◆ **Problem statement**
For this exercise, copy exactly the lines below from the one with "En kaxig stilikon" through the one with "1.先把山药的皮削掉, 因为" and leave out the pictures.

◆ **Given data**
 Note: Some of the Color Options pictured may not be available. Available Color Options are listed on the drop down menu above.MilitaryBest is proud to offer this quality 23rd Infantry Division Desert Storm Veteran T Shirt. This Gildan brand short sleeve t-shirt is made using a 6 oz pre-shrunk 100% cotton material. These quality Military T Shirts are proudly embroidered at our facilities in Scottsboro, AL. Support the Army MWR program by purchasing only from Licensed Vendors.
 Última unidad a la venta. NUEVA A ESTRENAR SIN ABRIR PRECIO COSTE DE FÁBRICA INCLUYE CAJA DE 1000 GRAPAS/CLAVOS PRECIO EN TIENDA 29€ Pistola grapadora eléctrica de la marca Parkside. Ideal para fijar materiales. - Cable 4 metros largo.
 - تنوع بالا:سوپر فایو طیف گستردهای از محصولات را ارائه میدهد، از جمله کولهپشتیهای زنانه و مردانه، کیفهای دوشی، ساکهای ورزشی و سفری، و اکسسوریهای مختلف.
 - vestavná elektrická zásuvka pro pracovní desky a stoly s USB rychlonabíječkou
* * *
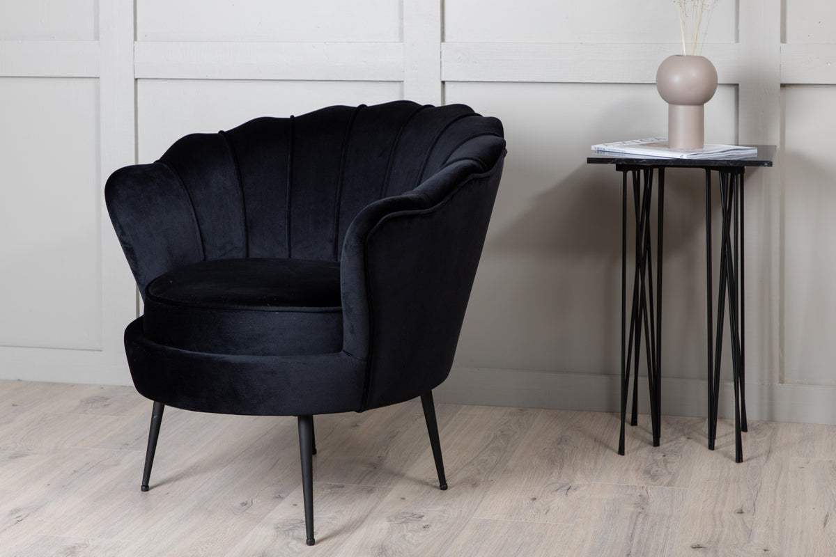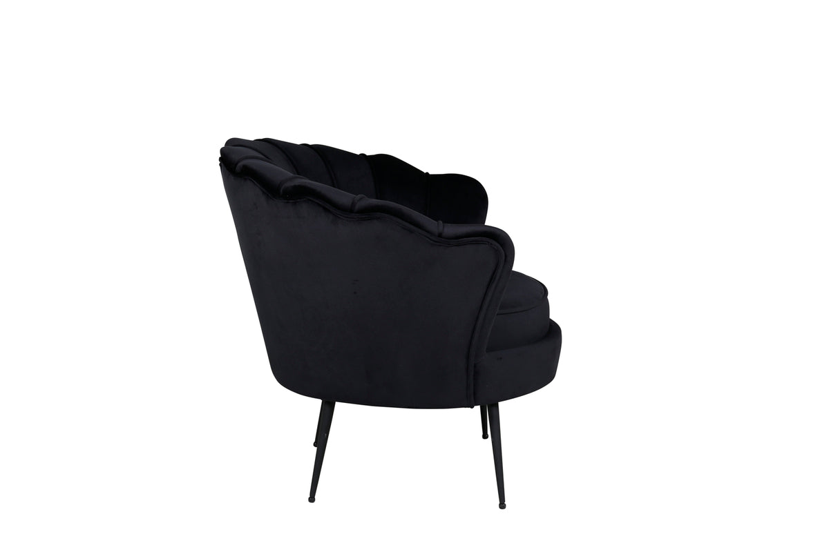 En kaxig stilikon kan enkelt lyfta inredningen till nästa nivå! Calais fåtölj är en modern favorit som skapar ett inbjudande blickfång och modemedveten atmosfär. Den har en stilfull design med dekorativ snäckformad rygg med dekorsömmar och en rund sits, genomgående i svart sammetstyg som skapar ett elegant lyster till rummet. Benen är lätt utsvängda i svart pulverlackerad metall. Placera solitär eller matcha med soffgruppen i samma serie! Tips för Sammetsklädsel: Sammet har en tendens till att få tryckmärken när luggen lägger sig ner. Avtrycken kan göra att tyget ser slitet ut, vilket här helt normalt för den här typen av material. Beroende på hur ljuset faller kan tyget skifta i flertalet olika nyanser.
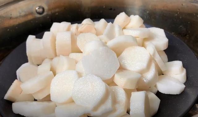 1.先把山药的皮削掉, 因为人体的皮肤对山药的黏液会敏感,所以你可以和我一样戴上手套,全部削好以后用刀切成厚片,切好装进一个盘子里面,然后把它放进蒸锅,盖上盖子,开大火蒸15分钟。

◆ **Output for this exercise**
 En kaxig stilikon kan enkelt lyfta inredningen till nästa nivå! Calais fåtölj är en modern favorit som skapar ett inbjudande blickfång och modemedveten atmosfär. Den har en stilfull design med dekorativ snäckformad rygg med dekorsömmar och en rund sits, genomgående i svart sammetstyg som skapar ett elegant lyster till rummet. Benen är lätt utsvängda i svart pulverlackerad metall. Placera solitär eller matcha med soffgruppen i samma serie! Tips för Sammetsklädsel: Sammet har en tendens till att få tryckmärken när luggen lägger sig ner. Avtrycken kan göra att tyget ser slitet ut, vilket här helt normalt för den här typen av material. Beroende på hur ljuset faller kan tyget skifta i flertalet olika nyanser.
 1.先把山药的皮削掉, 因为人体的皮肤对山药的黏液会敏感,所以你可以和我一样戴上手套,全部削好以后用刀切成厚片,切好装进一个盘子里面,然后把它放进蒸锅,盖上盖子,开大火蒸15分钟。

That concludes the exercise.